■ Work to be completed ■
Please write out only the lines from the one containing "Windows secara otomatis" through the last line of the listing. Do not include pictures.

■ Dataset content ■
+-------+
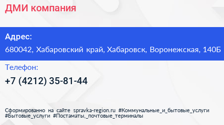 ДМИ, компания по адресу 680042, Хабаровский край, Хабаровск, Воронежская, 140Б в дальнейшем Организация, размещена в следующих категориях:
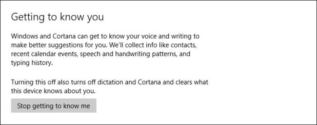 Windows secara otomatis akan "mengenal Anda" dengan mempelajari suara dan tulisan tangan Anda. Itu juga akan mengumpulkan informasi lain tentang Anda seperti acara kalender dan riwayat mengetik.
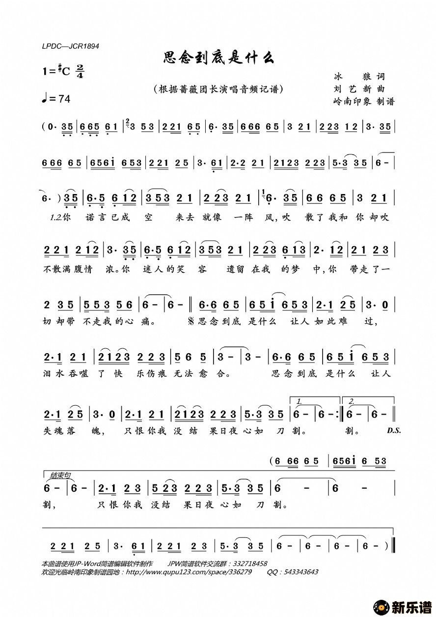 《思念到底是什么》简谱 蔷薇团长-岭南印象制谱
+-------+
■ Response ■
 Windows secara otomatis akan "mengenal Anda" dengan mempelajari suara dan tulisan tangan Anda. Itu juga akan mengumpulkan informasi lain tentang Anda seperti acara kalender dan riwayat mengetik.
 《思念到底是什么》简谱 蔷薇团长-岭南印象制谱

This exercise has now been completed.